In the book a certain number of notable hunts emerge. Sellheim spends time on the Newfoundland hunt which has been the flashpoint of animal rights groups and “birgitte bardot” -style campaigns from Eastern Canada. Whilst the hunt goes forwards, the author points to one of the best managed natural resource regimes in place, that includes legally-binding animal welfare provisions, sealers’ training programmes and monitoring mechanisms in place to ensure a well-conducted harvest.

Another flashpoint, partly related to the Newfoundland sealing and its impacts, is the Inuit relationship and sealing issues, including a lengthy and much-needed review of the situation in Greenland. Sellheim discusses what he sees as an “inner European View on public morality”, as a part of a lengthy process of EU – Greenlandic and EU – seal relations, if you will. Ultimately Sellheim deducts that the “EU clash” with seal hunting is centred around notions of what is seen as “inherently inhumane”. The International trade law becomes basis for some of the legal victories EU has over the seal skin product bans and associated processes.

Icelanding sealing is reviewed for its historical context and contemporary legal issues. However, we do not hear much of the living sealers voices in the book. For the interested parties, the recent Nordic IPBES report, Vol 2, Geographical Cases contains oral histories of the Icelandic subsistence sealers from the past 20 years.

Sellheim wrote much of his research in Northern Europe, including Finland and the context of Baltic Sea, and it is reflected in the level of details he is able to muster for his comprehensive review. For example it is rare to see accounts of Arvid Genetz on the Russian Sámi or reflections of the Kola Peninsula and 1751 legal context of trade, harvest and community rights. Clearly the author has taken the issues and the legal context to heart.

Throughout the book Sellheim also discusses the unique freshwater seals and their harvests, namely the lakes Saimaa and Ladoga in North-eastern Europe, and the lake Baikal situation (also bringing forth the crucial question – how did the seals end up so far inland at lake Baikal).
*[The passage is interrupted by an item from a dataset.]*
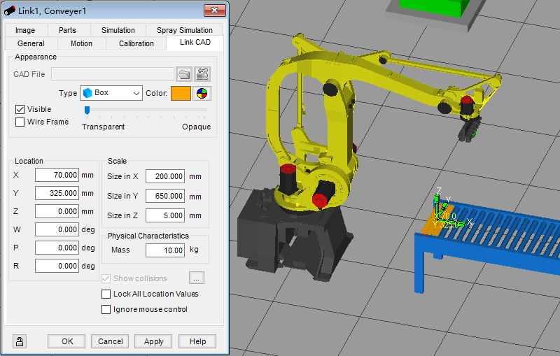 Link1属性对话框中选择“Link CAD”选项卡,在Scale功能区中设置Link1的尺寸为Size in(X,Y,Z)=(200,650,5),Location功能区中设置Link1位置为(X,Y,Z,W,P,R)=(70,325,0,0,0,0),即位于输送带的输送起始点位置处,如下图所示。

Most of the freshwater seal survey material points to urgent ecological crisis, especially in the context of the lake Saimaa seal, nowadays fully protected. Slight errors emerge in the numbers of the Saimaa seals (Sellheim argues for 150 living individuals, whilst the rebounding numbers are today closer to 400) but the main arguments are clear. He even goes out to point to the oral histories of the Evenki and Buryat peoples around lake Baikal as an important source of information about the seal and its life histories.
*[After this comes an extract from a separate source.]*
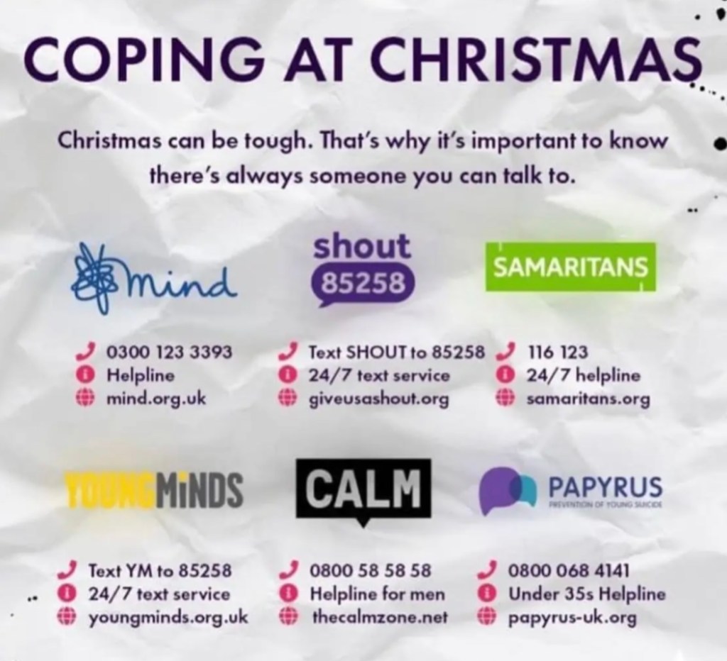 So please, put yourself first this Christmas… Be honest with those who surround you about how you feel and if you need help. And help comes in many forms, so please use and share the numbers shown at the beginning of this post if you or anyone you know is struggling at this or any other time of the year.

Sellheim also discusses the historical and present “technical” management treaties, such as the Russian – Norwegian and Russian – Finnish seal treaties as major confidence-building measures resting on their technical facilities and allowing dialogue to happen in a non-politicized environment.
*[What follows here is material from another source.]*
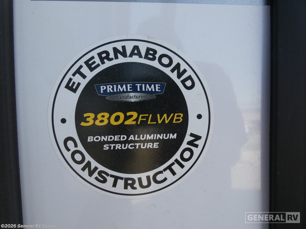 Prime Time Sanibel fifth wheel 3802FLWB highlights: Bath and a Half Legless Dinette King Bed Slide Counter Peninsula Front Living Area It's a clean decision with a bath and a half to take this fifth wheel on your next adventure! The front living area includes opposing EZ glide couches, 65" theater seating, and a front entertainment with a Smart LED pop up TV and fireplace for a cozy evening indoors. Prepare meals on the four burner cooktop, and leftovers can go in the 16 cu. ft. French door 12V refrigerator. You and your spouse will love the master suite that includes a king bed slide, plenty of storage space, and an entrance into the full rear bathroom with a dual sink vanity. There is even a linen closet with washer and dryer prep if you want to add those appliances! More luxury and more value is what you will find in each one of these Prime Time RV Sanibel fifth wheels! The Extreme Thermal package allows you to extend your camping season by including high density block foam insulation throughout, heated basement storage, and 12V heating pads on tanks. You can keep the party going with the electric awning with LED lighting and high-output exterior speaker, plus there is a Doggy D-Ring and bottle opener for added convenience. Each model also includes Dexter E-Z FLEX rubberized suspension to provide smooth towing on tougher roads, thick insulated pass-through baggage doors, and a high gloss gel coated exterior fiberglass for a more sleek look. Inside, you will enjoy residentially inspired kitchen appliances, real wood cabinet doors, designer Carefree linoleum with Scotchgard Technology, and many more luxurious features!

Sellheim is able to convey a review of the governance of sealing well. And perhaps even more importantly he is able to convey the older relationship humans and seals continue to have, in the present so ‘troubled’, but a lengthy history indeed. All in all, tour de force of legal regimes and sealing globally, this book can be recommended to all experts and interested parties on sealing questions world-wide. A major achievement.